Annual Students Conferences at Humboldt: Conferences
 
Multiple Cultures - Multiple Perspectives. Questions of Identity and Urbanity in a Transnational Context


Abstracts of Papers

Laimas Fergizas:
Refugee Migration as Founding Basis of Multiculturalism

During last decades of the 20th century numbers of western nations-states have been transformed into urban multicultural societies simply by the fact of constant flow of immigrants of different backgrounds of race and religion from around the world. This trend is set to continue firmly in the future bringing its benefits and challenges of building the multicultural societies.

My paper will examine the choices of an individual asylum seeker in the western urban environments. As time after immigration goes on, individual asylum seekers tend to reconsider their identities in new cultural soil. Decisions need to be made about whether to go home; whether to keep someone at home to look after the family house, farm or business; or whether to uproot the family members left at home and reunite the family in the urban areas of the host country.

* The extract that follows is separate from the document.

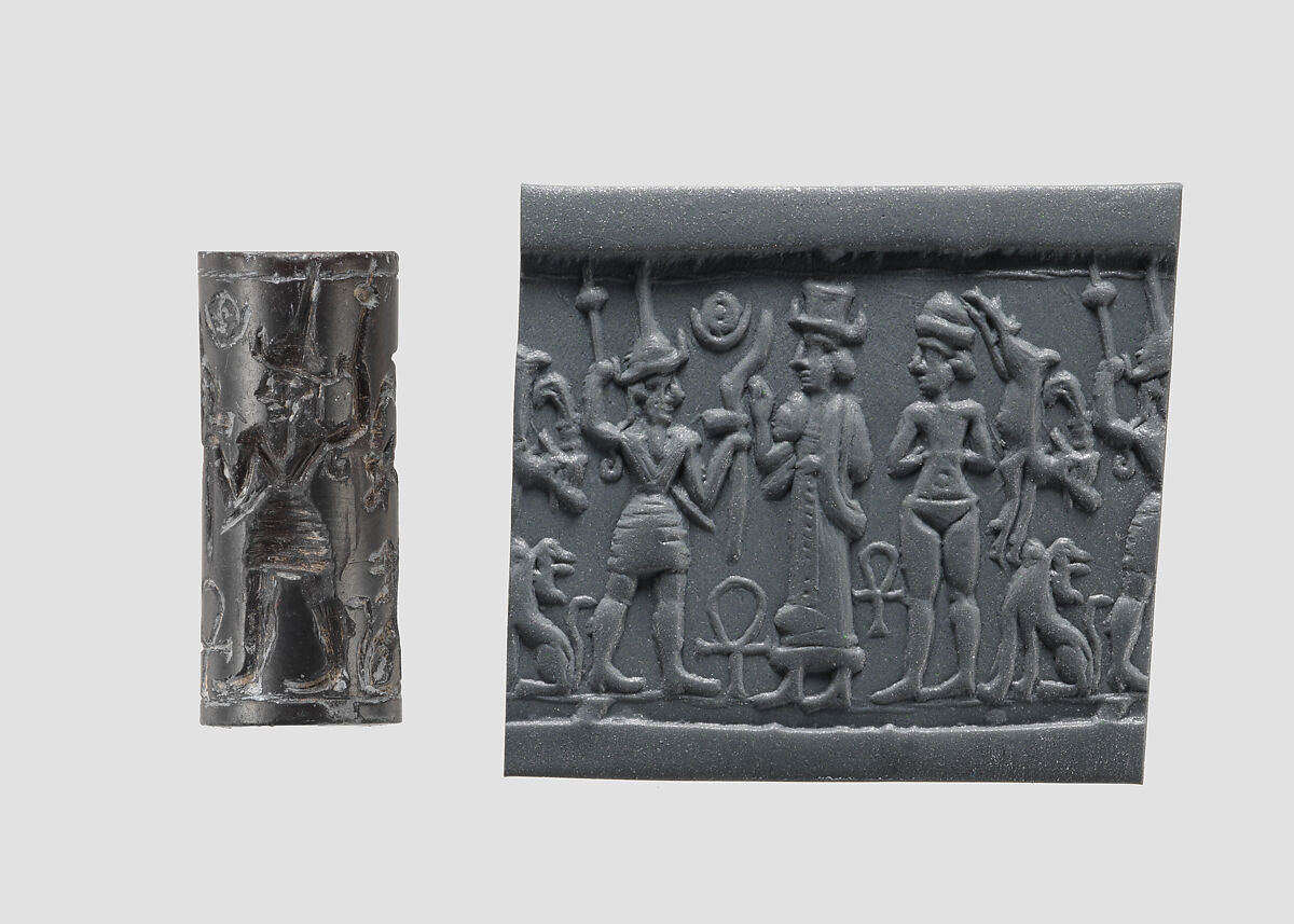 - Title: Cylinder seal and modern impression: smiting weather god before a Syrian goddess, nude goddess; ankh symbols
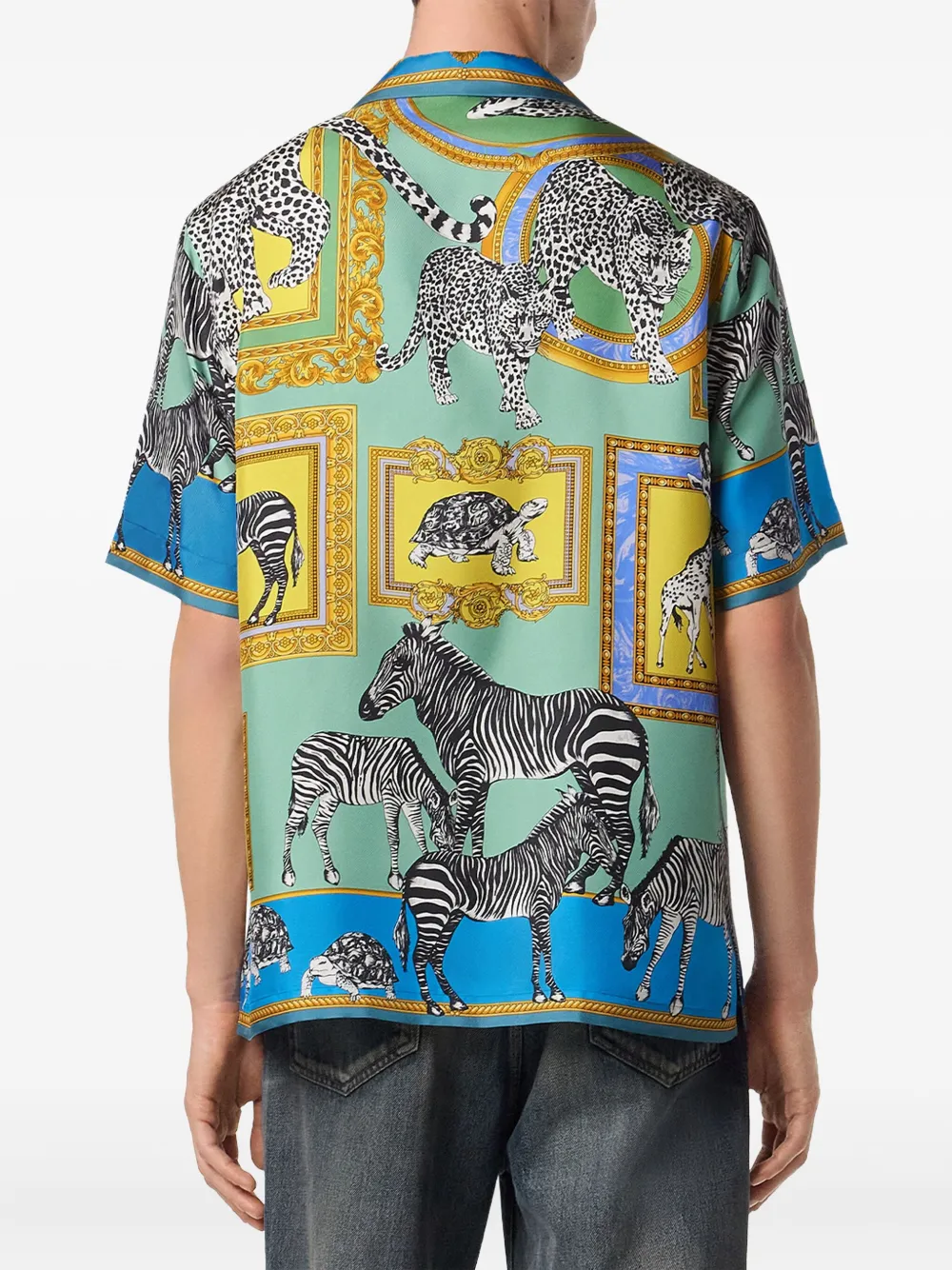 Синий шелк, короткие рукава, зазубренный воротник, принт Versace Safari

After asylum in multicultural urban environments becomes permanent, the issue of local integration or resettlement arises: the refugee may become an established resident forming new ethnic and cultural communities in the metropolitan areas. The other possible way of 'resolution' of displacement often takes a long time, which is not anticipated by engaged governmental bodies. Thus the displaced persons are often deemed to find themselves in a state of protracted limbo. New nationality or citizenship may not be easily acquired or re-acquired, and are often disputed or problematic. People in such circumstances develop ambiguous relationships towards the urban places in which they find themselves.

My thesis will conclude that temporary status of refugees in their place of asylum should not last long: either the conditions that forced flight are resolved and the displaced should go home, or the displaced should be incorporated permanently into emerging multicultural communities. These statuses or 'solutions' are linked to distinct physical locations, although they might be conceived as applying to individuals who have no own choices to make decisions on their identities in relation to places of physical being.